During birthdays we ask that any money people were going to our girls to buy a gift, give to a specific thing we wrote about in the birthday party invitation. When our first daughter turned 1 we asked they give money to our church because we wanted a playground for our little ones but it wasn't in the budget. The whole time our church was raising money by donation. Shortly thereafter the playground was built and our girls will enjoy it for years to come. For her second birthday we asked the money be given to her to donate through Kiva.org. Kiva is a wonderful organization helping people in other countries who don't have access to banks or resources to start their own businesses but want to make something of themselves and a good life for their family. She got $250 and was able to help 4 separate people and when she gets paid back from them she'll pick others to give to.
Christmas is harder though. I haven't found a nice way to ask people to do something else. Actually our parents are the problem, our sweet moms in fact. They go all out crazy for Christmas and I hate it. I don't want to hurt their feelings but I don't know what to say (they're both gift givers and toy lovers). I would like to limit it to 3 items per child (instead of 6 or more they each get) if not only 1 gift. In our home we give one gift. We focus more on experiences than things. And as the girls get older we're going to do more missions wise. I.e. Operation Christmas Child, food pantry's, giving our time to serve others, etc. We ask for a zoo membership to our local zoo and would rather have families do something similar. But we're not sure how to ask.
My husband and I did this exact thing about a month ago! Amazing how great things were around here without all the toys to pick up and fight over! We began giving a thing or two back in the last couple weeks... BIG mistake!! My daughters room is a disaster again!! She is almost 8. We have noticed ungreatfulness too, not something that we have taught!!! I think this time, the toys will be going for good! There will be books, art supplies and two types of toys... thats all!! I also have baskets for types of toys and started that when my daughter and son were about 2 so that they could easily find, and put away toys. It SAVES time, since life IS short. ;) Great post!! THANKS!

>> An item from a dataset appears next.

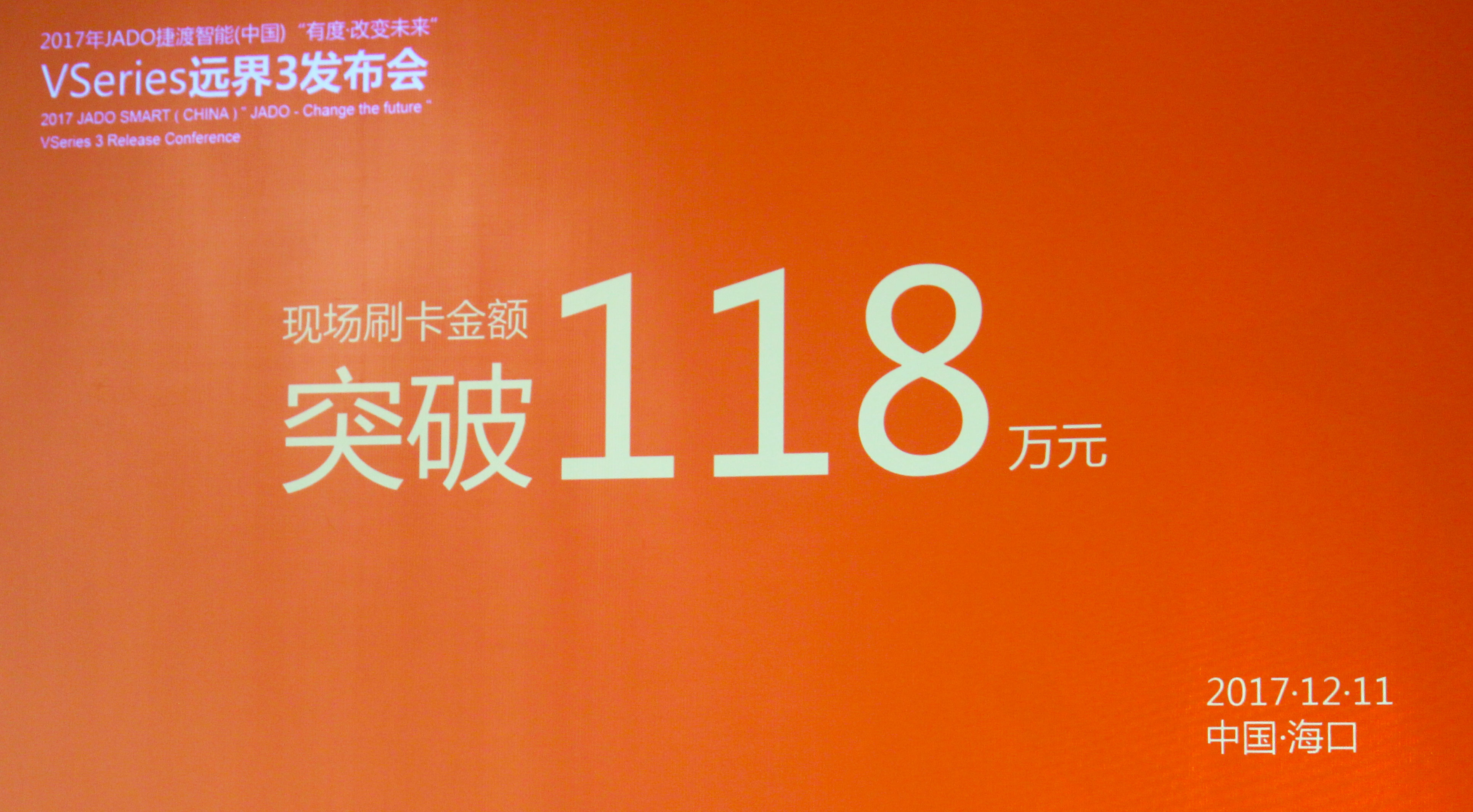 2017年12月11日,以“有·度——改變未來”為主題的“JADO捷渡智能(中國)VSeries遠(yuǎn)界3超高清智能流媒體后視鏡發(fā)布會(huì)”在??谥秀y海航國商酒店完美落幕。本次活動(dòng)由JADO捷渡智能(中國)海南省區(qū)戰(zhàn)略合作伙伴海南捷方達(dá)商貿(mào)有限公司主辦。

I think the idea of not spoiling your children is GREAT! We live in one of the most materialistic countries on the planet. I'm not so sure I agree with the method here, but if it makes your life happy, then that's good. I'm a believer that the best way to teach our children is by being their example.. So for example, what kind of cookware do you use? Is it nice? Couldn't you do with something less. The bottom line here is we could ALL do with SOMETHING less. I'm not saying kids should have a ton of toys. Mine don't. And we buy clothes at yardsales. My daughter gets excited over a box of hand-me-downs. I can only dream of having a space designated to "playroom". We don't visit places like Key West for sure. No ipads, tv, or kindles here. They have their toys, but the important part I think is that if they saw a child who was lonely or sad and had nothing, they would want to give something to them. If we make life about "well you really don't need all this stuff", how much do we ourselves really not need?